- Born: Vera Shapell 1947 (age 78–79)
- Occupation: philanthropist
- Spouse: Paul Guerin
- Children: Lisa Guerin Dana Guerin Michael Guerin
- Parent(s): Nathan Shapell Lilly Schreiber

= Vera Guerin =

American billionaire, philanthropist and musical theater producer

Vera Guerin is an American billionaire, philanthropist, and musical theater producer.

==Biography==
Guerin was born to a Jewish family, the daughter of Lily (née Schreiber) and Nathan Shapell. Her father was born in Poland. During World War II he was interned at the Auschwitz and Buchenwald concentration camps but he managed to escape. Her mother was also an Auschwitz survivor and worked as an interpreter at several of the war crimes trials. Her parents immigrated to California in 1952 when she was five where her father co-founded home builder Shapell Industries with his brother David and brother-in-law Max Webb. Shapell Industries eventually went on to build 65,000 houses in California.

Guerin inherited her father's 43 percent stake in Shapell Industries upon his death in 2007. In November 2013, Toll Brothers purchased the Shapell Homes housebuilding division of Shapell Industries for $1.6 billion; Shapell's share was $690 million. Shapell still retains a 43 percent interest in the remainder of Shappell industries which includes over 10,000 apartments, five shopping centers, and four office buildings worth an additional $1.7 billion making her share worth $645 million. This sum combined with the amount earned from the Shapell Homes sale gives her an estimated net worth of $1.3 billion.

Guerin is an occasional musical theater producer.
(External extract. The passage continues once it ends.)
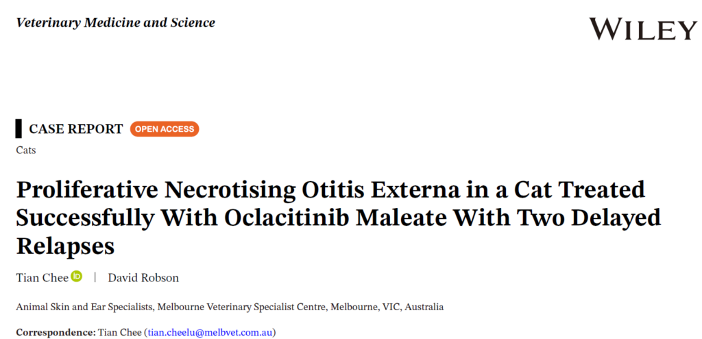 文献来源:Chee T, Robson D. Proliferative Necrotising Otitis Externa in a Cat Treated Successfully With Oclacitinib Maleate With Two Delayed Relapses. Vet Med Sci. 2025 Nov;11(6):e70696.

She produced a show for the Women's Guild 50th Anniversary Gala emceed by Billy Crystal. She produced the musical Leap of Faith.

==Philanthropy==
In 2008, Guerin donated $5 million to support the research arm of the Women's Guild Lung Institute at Cedars-Sinai Medical Center. In 2013, Guerin donated $10 million to establish the Vera and Paul Guerin Family Congenital Heart Program at the Cedars-Sinai Medical Center Heart Institute; and $10 million to endow two academic chairs in pulmonary medicine and pediatric neurosurgery and to support Cedars-Sinai's new outpatient services building. Guerin serves as vice chair and chair-elect of the Cedars-Sinai Board of Directors and is a former president of the Women's Guild Lung Institute. She served as trustee at the Harvard-Westlake School; served on the Stephen S. Wise Temple advisory board; and served on the board of the Skirball Cultural Center in Los Angeles. Her husband is president and board chairman of Friends of the Israel Defense Forces, a support group for Israel's soldiers. In 2021 Guerin Donated $100 million to support Children's Health Services at Cedars Sinai

==Personal life==
In 1968, Guerin married a gentile, Paul Guerin, over her parents' objections. He converted to Judaism. They have three children: Lisa, Dana, and Michael.